I am so old that whenever I see a series of letters in a text, sentence, or advertisement, I search Google. FTW. IYKYK. IMO. TL;DR. If that fails, I ask my daughters.
FOMO - Fear of Missing Out
I’d be lying if I did not experience that sense in nearly every decade of life. When Polo and Izod were the rage, we wore the department store knockoffs. No one said anything. But we knew. This may seem too personal, but when 501s were the only acceptable jeans, my backside was not large enough. It looked like I had gotten into my Dad’s drawers, literally and figuratively.
Patty and I got married on the Friday of my sophomore year's Spring Break. She was a teacher’s aide at an elementary school, and her Spring Break was the following week. We spent two nights at a Holidome that has been razed—no Caribbean or European honeymoon for us.
Yes, over the past 42 years, we have traveled to many places we never imagined all those years ago - Vancouver, B.C., Dresden, Prince Edward Island, Hawaii, Alaska and Belize. Are you feeling any FOMO yet?! If not, I have been to Hong Kong, Spain (Seville and Barcelona), Cuba, Durbin, Myanmar, Israel, and Turkey. FOMO now?
Just like you, I have had friends travel and tell us, “You must go to [wherever in the Carmen San Diego they had just returned from].” There always seems to be a twinge of FOMO after every exhortation. Add Instagram, and not only does FOMO rise from your ears, but it now infects your eyes.

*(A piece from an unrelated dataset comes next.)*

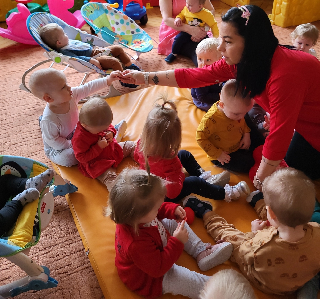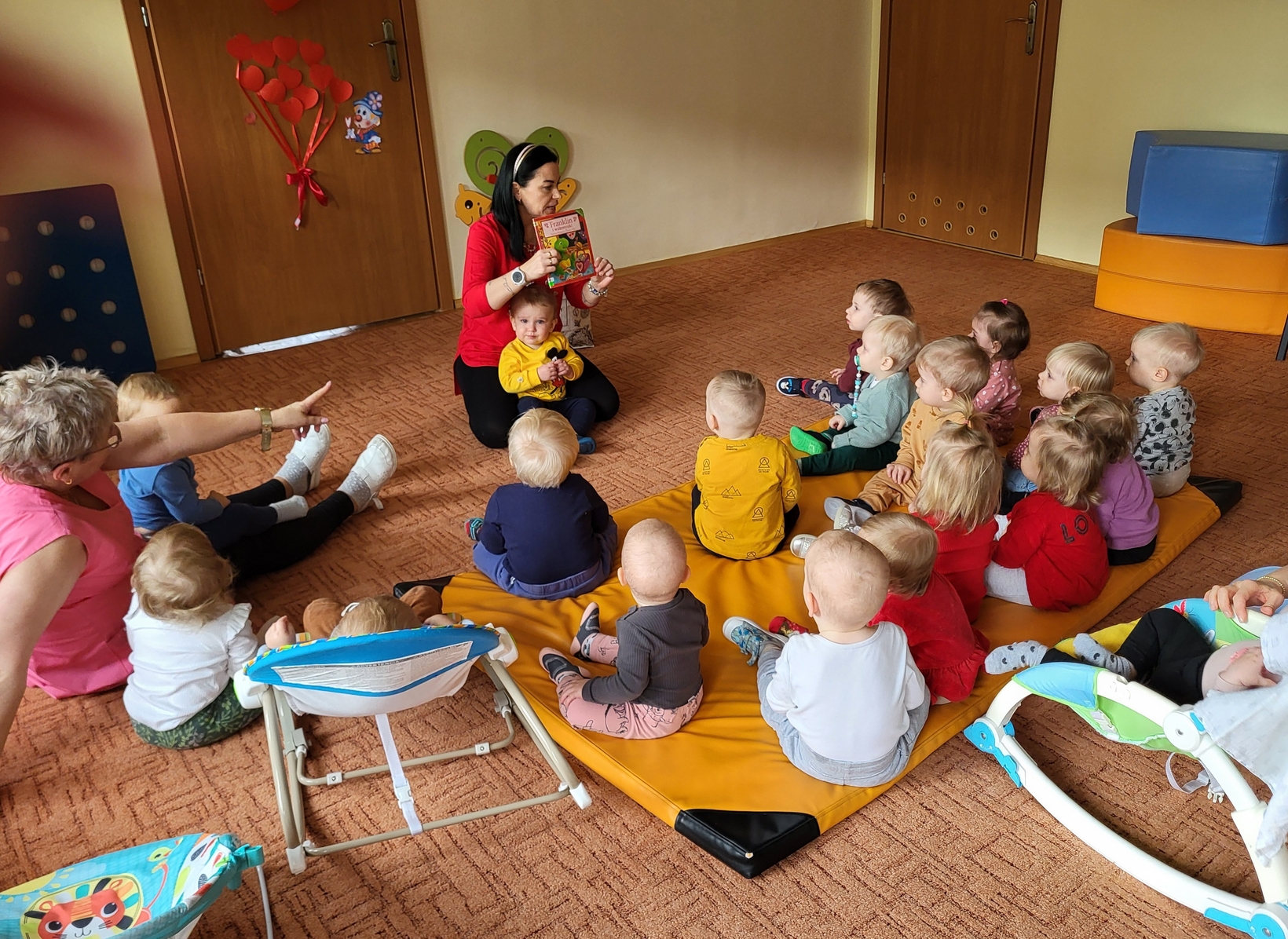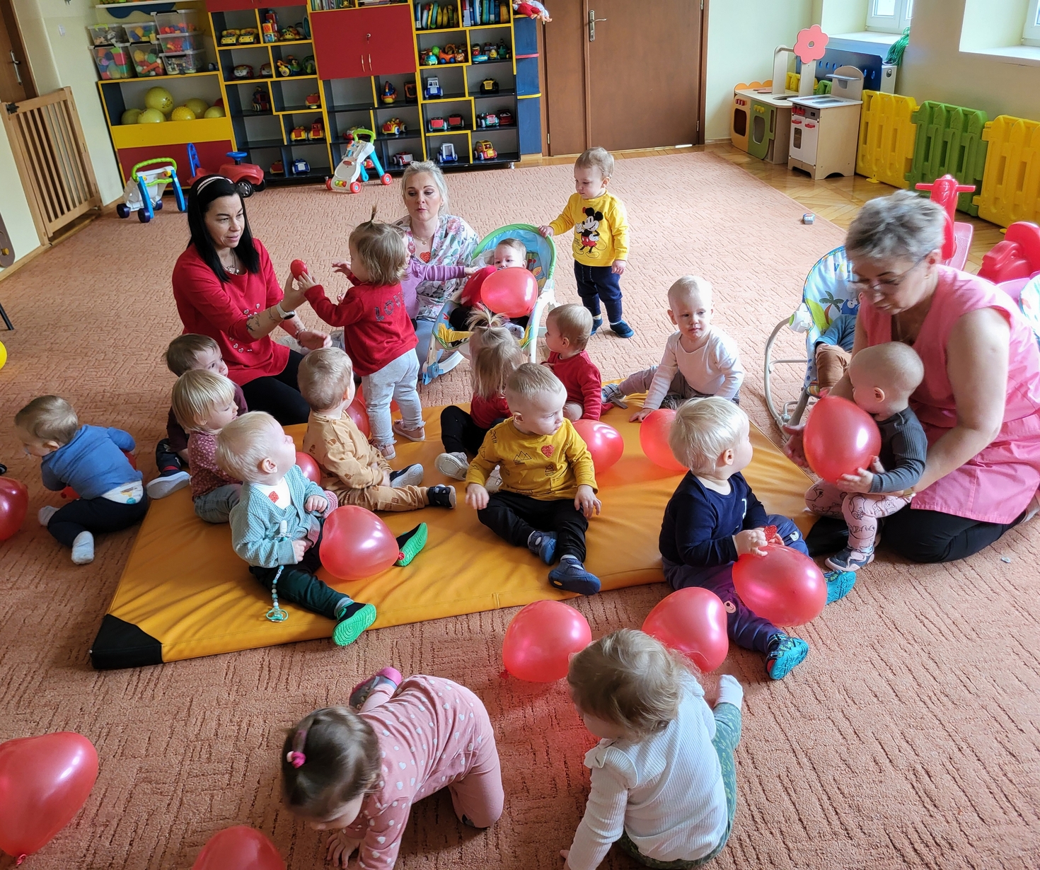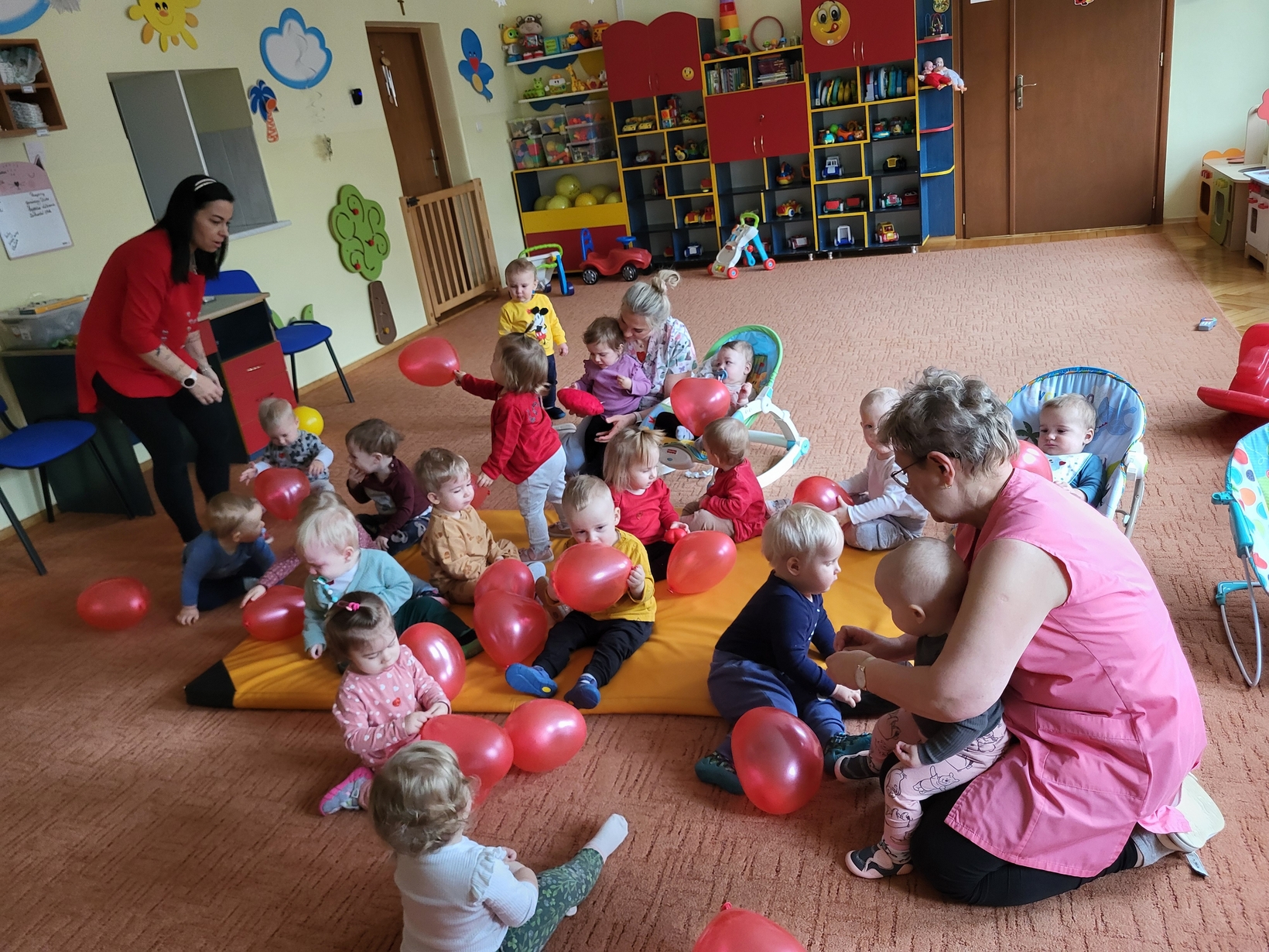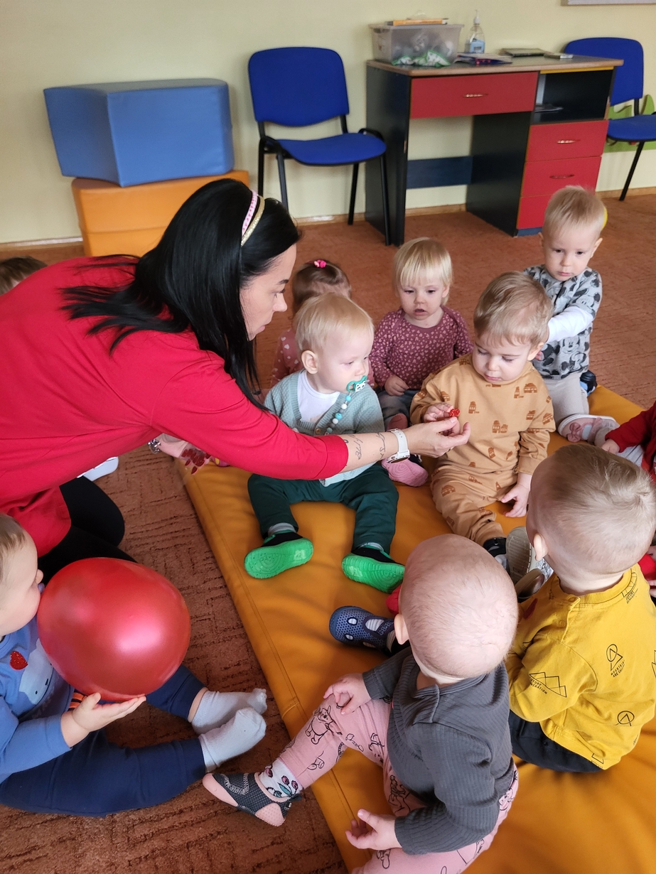 Biedronki obchodziły Walentynki.W sali królował kolor czerwony,a głównym symbolem dekoracji były czerwone serduszka.

What changed for us? I traveled serving on the General Council of the Baptist World Alliance. The remainder came from the generosity of our congregation and my parents.
Giving in to FOMO is expensive.
FOMO is not all about travel. We feel FOMO when we notice clothing trends, see new cars, fancy houses, dream vacations, and must-see concerts just to scratch the surface.
Competition for time, any time, is intense, in part, due to FOMO itself.
Increasingly, I read and see pastors and staff members using FOMO to prod members and potential guests alike to avoid missing church or a church event. This strategy comes at a time when attendance is down. Giving, tithing, ranks below paying taxes (they are not the same). And clergy are trusted half as much as your veterinarian and not much more than union leaders.
Given the decline in trust afforded clergy, using FOMO to solicit participation seems as helpful as your congressional representatives telling you to trust that they read all 549 pages of the Big Beautiful Bill. They haven’t. And not one Gospel appeal in the Acts of the Apostles appeals to FOMO.
When FOMO marketing comes to a church, what is being missed?